Coding

Part:BBa_K4380011

Designed by: Brigita Duchovska   Group: iGEM22_Vilnius-Lithuania   (2022-10-01)

eGFP

Introduction

NanoFind

Vilnius-Lithuania Igem 2022 project NanoFind used this part as a way to evaluate bacterial presence in a sample as well as for Bacterial detection (Read more on Engineering).
The team was working to create an easily accessible nanoplastic detection tool, using peptides, whose interaction with nanoplastic particles would lead to an easily interpretable response.
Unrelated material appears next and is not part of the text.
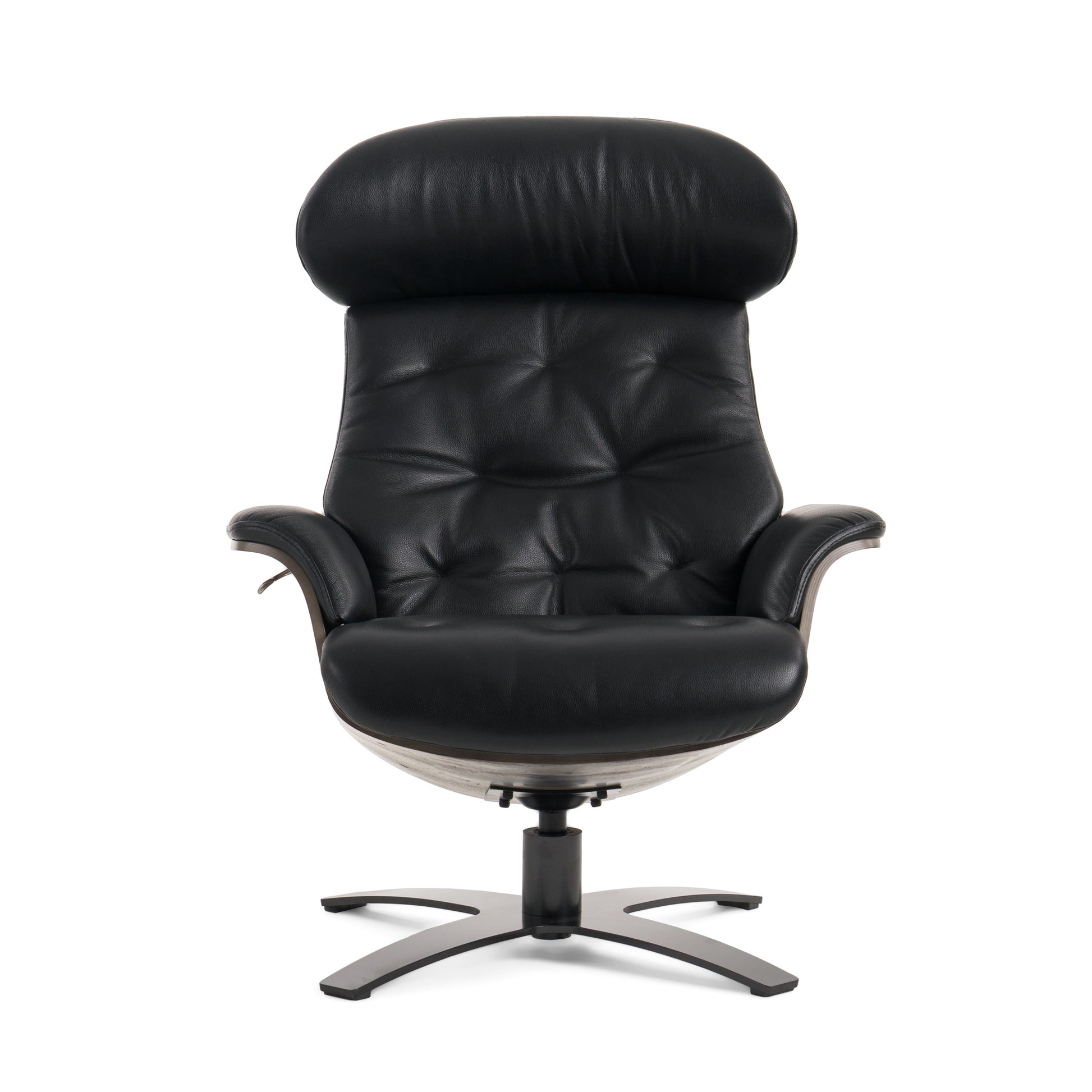 The Modrest - Nowak Modern Black Lounge Chair & Ottoman Set is a stylish and comfortable addition to any living space. The set includes a chair and an ottoman, both upholstered in genuine black leather. The chair features a metal frame, wood veneer back, fixed armrests, and a full-circle swivel. With an adjustable seat height and a sleek design, this lounge chair and ottoman set is perfect for relaxation and modern aesthetics

The system itself focused on smaller protein molecules, peptides, which are modified to acquire the ability to connect to the surface of synthetic polymers – plastics. The detection system works when peptides and nanoplastic particles combine and form a sandwich complex - one nanoplastic particle is surrounded by two peptides, attached to their respective protein. The sandwich complex consisted of two main parts – one is a peptide bound to a fluorescent protein, and another peptide is immobilized on a cellulose membrane by a cellulose binding domain. A bacterial cell surface display system was used as a novel way to expose the same peptides onto the bacterial membrane, allowing it to amplify the signal. The protein, encoded by this sequence was cloned into a pACYC vector and co-transformed together with the cell surface display system. This protein was utilized as a reporter protein, which could produce a quantifiable result. These compatible vectors were used as a tool to measure concentration-dependent fluorescence signal in a nanoplastic sample.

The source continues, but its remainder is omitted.